ようやくカムイのグルメシーンの再登場です。やっぱり十傑との連続グルメシーンは相当にキツかったみたいですwww




【宿泊研修編】
第八皿


 

 

 

 カムイと幸平が遠月学園に編入し、今日は幸平の初の調理実習。作る料理は『ブッフ・ブルギニョン(牛肉の赤ワイン煮込み)』。

 

 フランスはブルゴーニュ地方の郷土料理で、その名の通り牛肉を赤ワインで煮込んだビーフシチューの一種である。

 

 

 

 しかし実習に参加しているのは幸平だけ、カムイは学園を彷徨っていた。

 

 仙佐衛門からは『学園には在籍するだけで良い。授業や行事などについては参加自由』と言われている。

 

 そのためカムイは編入した後も授業などには参加せず、『食運』と『食欲』のコンパスに導かれるまま世界中を旅していた。

 

 そんなカムイが珍しく学園に来ているのは、『食運の導き』とも呼べる気まぐれによるものだった。

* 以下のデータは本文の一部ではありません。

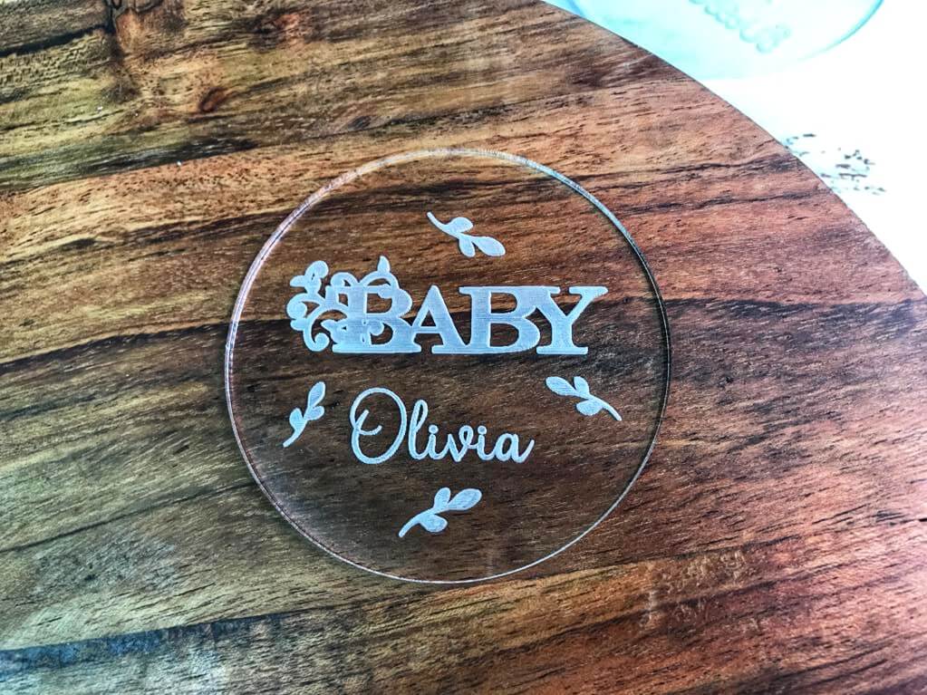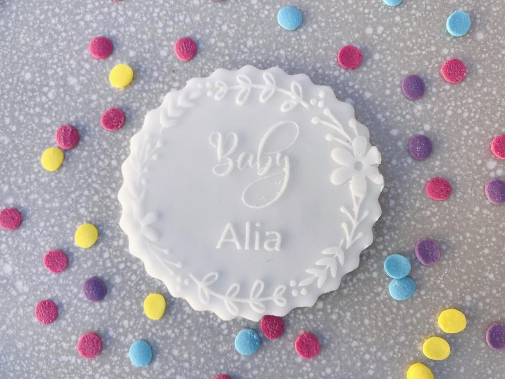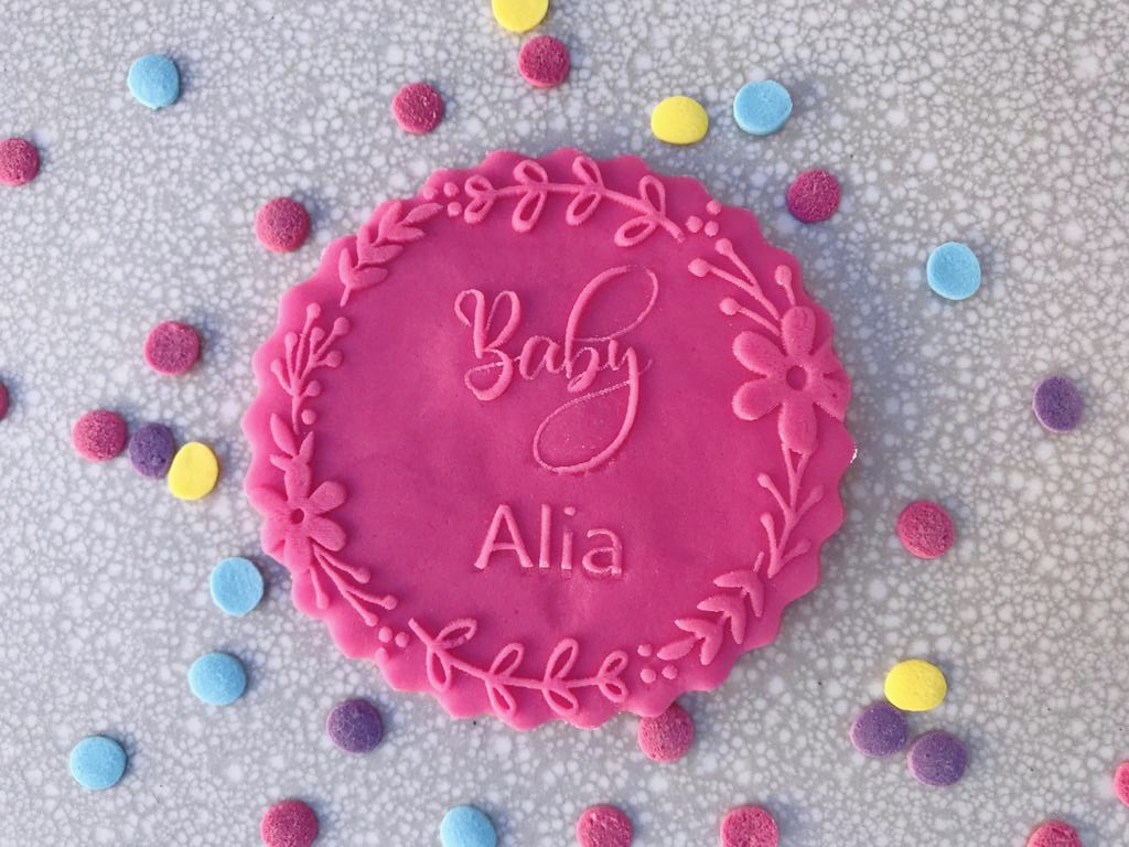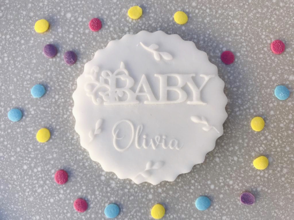 These personalised cookie fondant embosser stamps are laser engraved with the Name of the Baby

 そして『食運』に導かれるまま彷徨い、着いたのは偶然にも幸平が受けている調理実習室であった。

 

 

「お? カムイじゃん♪ 珍しいな、お前が学園に来るなんて。入学式以来じゃねえの?」

 

 コミュ力が天元突破している幸平を除き、他の生徒はいきなり現れたカムイに恐縮してしまう。

 

 『神域の料理人』という肩書に加え、遠月十傑全員に圧勝し異例の『第零席』の称号を得たカムイは、一般生徒にとって畏怖の対象とも呼べるものだ。

 

 ましてや一年生ともなれば目の前にいるだけで緊張してしまうのも無理はない。現に幸平のパートナーである『田所恵』などは緊張し過ぎて今にも気を失いそうになっている。

 

 

 幸平がいるとは思わなかったカムイだが、それよりも目の前にある皿が気になったのでおもむろに実習室へ入っていく。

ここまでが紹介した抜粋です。